Informatica enhances data quality
Informatica to buy Identity Systems
Data integration software firm Informatica Corporation has announced it will acquire new identity resolution technology. Informatica will purchase Nokia subsidiary Identity Systems at a cost of approximately $85 million in cash.
Customers will have access to new capabilities in search and resolution, as well as cross-language identity matching functions, the firm said.
Ovum analyst Madan Sheina noted in a report that since the purchase of quality and profiling tools provider Similarity Systems in 2006, “Informatica is looking to load up on complementary software that will enrich and add interesting new dimensions”.
“Whereas data quality and profiling is about looking at anomalies and consistencies in data, identity resolutions is all about finding connections between data entities by analysing similar attributes to determine if they are the same entity or perhaps are related,” she explained.

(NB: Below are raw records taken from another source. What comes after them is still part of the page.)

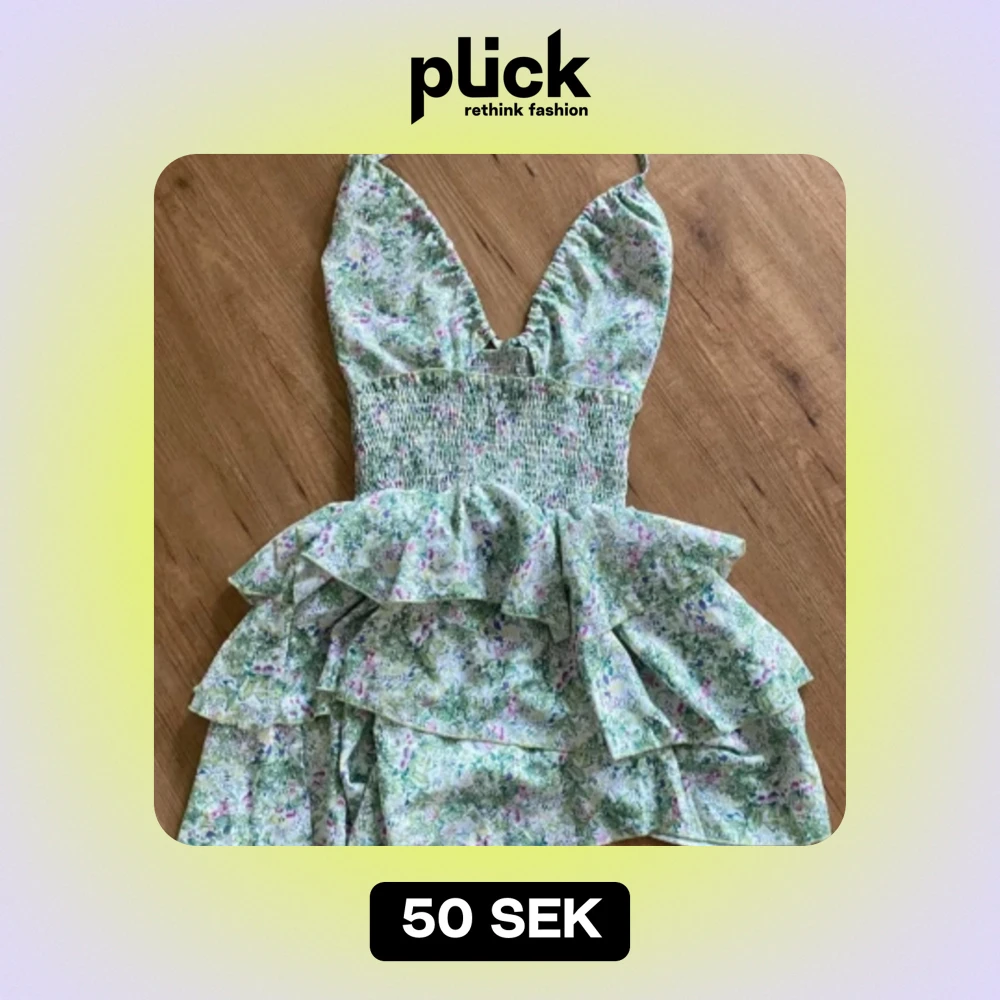 Säljer en superfin grön klänning med blommigt mönster. Den har smala axelband och en v-ringad urringning. Klänningen är kort och har flera lager av volanger som ger en härlig sommarkänsla. Perfekt för sommarens alla fester!
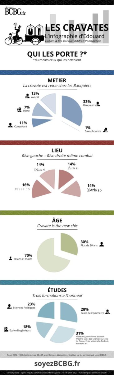 [dropcap]V[/dropcap]ous trouverez ci-dessous l’infographie réalisée par soyezbcbg.fr, service innovant de pressing, cordonnerie et retouches à domicile sur des créneaux de 20minutes sur le sujet : Cravates ! L’occasion de contredire certaines idées reçues : la cravate à un vrai succès chez les jeunes puisque 7 porteurs de cravate sur 10 ont moins de 30 ans. Et vous, portez-vous des cravates ?
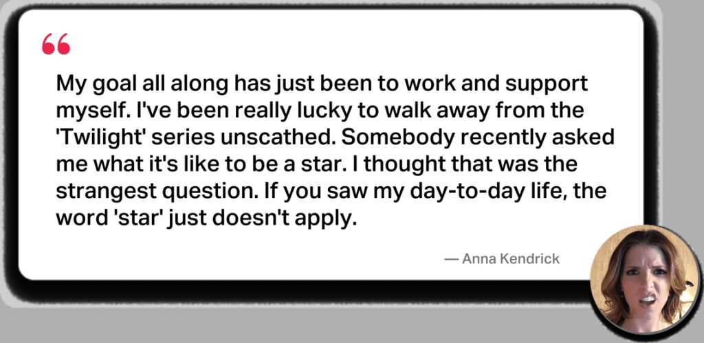 Anna Kendrick’s net worth of $20 million comprises her earnings from successful films and her singing career. Her lead role in Pitch Perfect was significant in her fortune, with global earnings of over $115 million on a $17 million budget.

Identity Systems supports more than 60 languages. Informatica argued in a report that cross-language capabilities are increasingly needed as IT systems have to accommodate businesses extending their global reach.
Most companies that hand-code IT projects dealing with identity data spend around $450 a year, said the Informatica report. “Identity Systems’ technology improves operational efficiency by automating the entire process dealing with language, nomenclature, structure, format, location, duplication, omissions and even errors,” it added.

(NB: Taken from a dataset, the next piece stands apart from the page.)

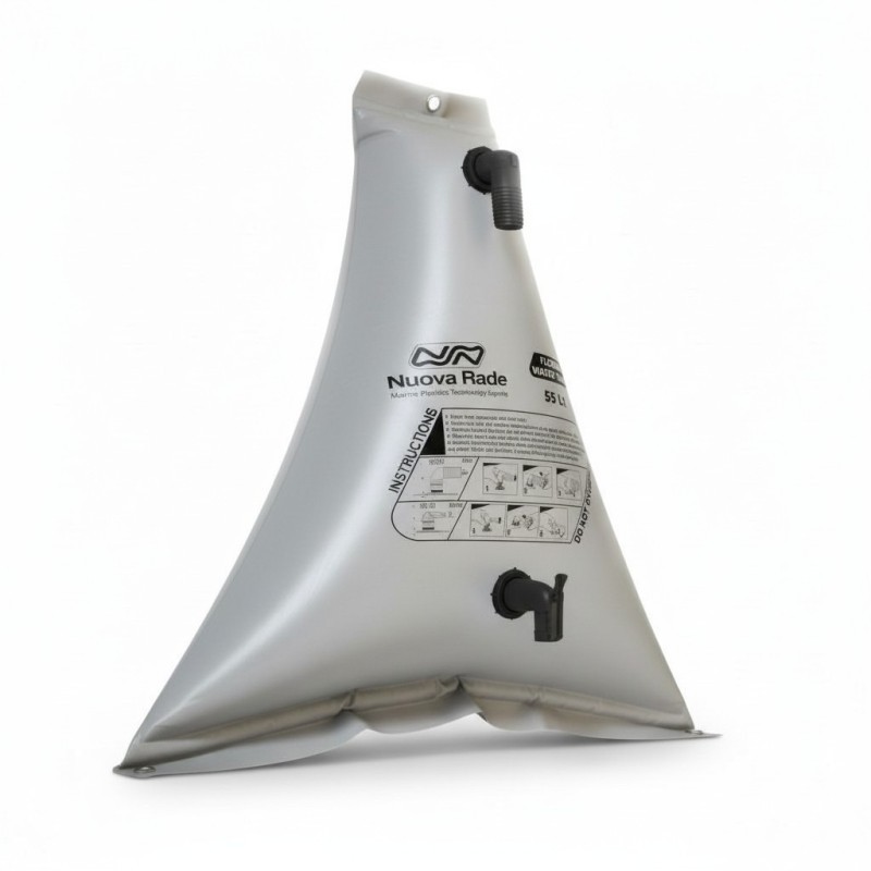 The flexible, lightweight and form-fitting water tanks are a strong, reliable, practical and low cost solution to store water on your boat when a rigid water tank is not an option. Water tanks are supplied complete, ready to install, with two welded fittings. A Ø 38 mm inlet fitting and a Ø 12 mm outlet valve with moveable thread tightening rings for maximum sealing. The tanks have metal hooks for fixing (hanging) and therefore allow for a better stability. The tanks are made of non-toxic PVC, waterproof and high-resistant material that protects them from tearing and abrasions. Intended for storage of water for general use on board, such as cleaning Compact design allows for easy storage in your boat, car, truck, RV, garage, or home. Nuova Rade Flexible Water Tanks are available in 6 rectangular sizes as well as in 2 triangular sizes, in grey colour.

Ovum's Sheina expects more acquisitions considering the company’s financial results, potentially in the area of master data management.
Informatica disclosed first quarter revenues of $103.7 million, while its profit for the same period was up more than 20 per cent. It has signed repeat business with 178 customers and added 38 new clients to its list.
Informatica chairman and chief executive, Sohaib Abbasi, said he is pleased with the results considering the economic climate. “With our geographic diversification strategy, we clearly benefited from growing contribution by international regions,” he said.
“The notion of Informatica as a siloed data warehousing-centric (ETL) tools provider is a distant memory," Ovum's Sheina added. “Its suite now extends to operational data integration areas like replication, migration and synchronisation, and of course data quality.”
Further details of the acquisition have not been disclosed but the acquisition is expected to be finalised by the end of May 2008, subject to customary closing conditions.